I was able to finally get this example to not allocate on every iteration of the accessInLoop
module AllocationsTest
struct SubStruct{T<:Float64}
a::T
b::T
end
struct AllocationsStruct{Q<:SubStruct, T<:Vector{Q}}
arr::T
end
function make()
subStructArr = Vector{SubStruct}(undef, 1000)
for i = eachindex(subStructArr)
subStructArr[i] = SubStruct(1.0, 2.0)
end
return AllocationsStruct{SubStruct{Float64}, Vector{SubStruct{Float64}}}(subStructArr)
end
function access(allocStruct::AllocationsStruct)
return allocStruct.arr[1].a
end
function accessInLoop(allocStruct::AllocationsStruct)
s::Float64 = 0
for i = eachindex(allocStruct.arr)
s += allocStruct.arr[i].a
end
return s
end
end
However, I found that doing return AllocationsStruct{SubStruct{Float64}, Vector{SubStruct{Float64}}}(subStructArr) in make was necessary to make this happen.
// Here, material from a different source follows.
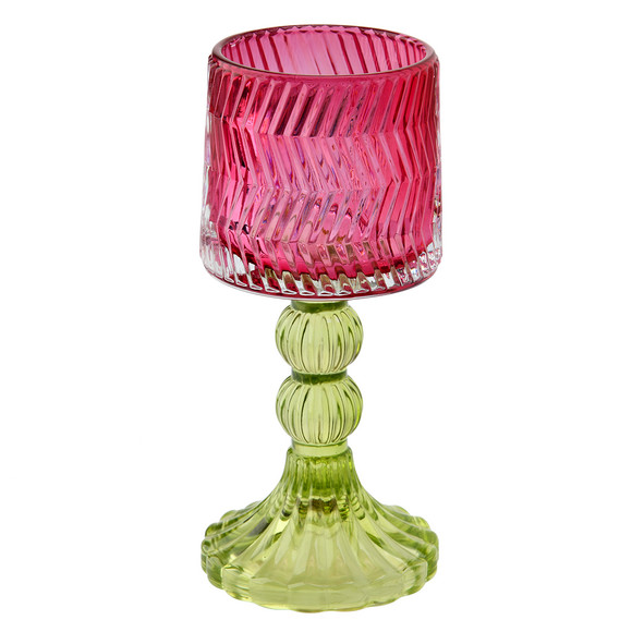 Großer Kerzenhalter mit Relief-Muster grün / pink

In my actual code, I have a large struct with many fields and a variety of types. Is there any way for Julia to infer the correct types without the explicit text duplication of writing it all out in the initialization of the struct when I have told Julia what the types will be when I defined the struct’s fields in the struct block?
There isn’t a benefit to subtyping concrete types (like Float64) in type parameters. This would have been much cleaner (and equally performant) as
struct SubStruct
a::Float64
b::Float64
end
struct AllocationsStruct
arr::Vector{SubStruct}
end
and now you don’t need to specify the computed parameters everywhere. Recall that the reason your very first attempt didn’t work well was because you used Array{SubStruct} (which is incompletely specified) rather than Vector{SubStruct} (which is completely specified) in a struct field.
But I’m suspecting this may not completely answer your questions in your actual use case…
Sorry - I guess I conflated that with the second half of your original response. Making that one change does indeed remove all allocations for the accessInLoop call. Thank you!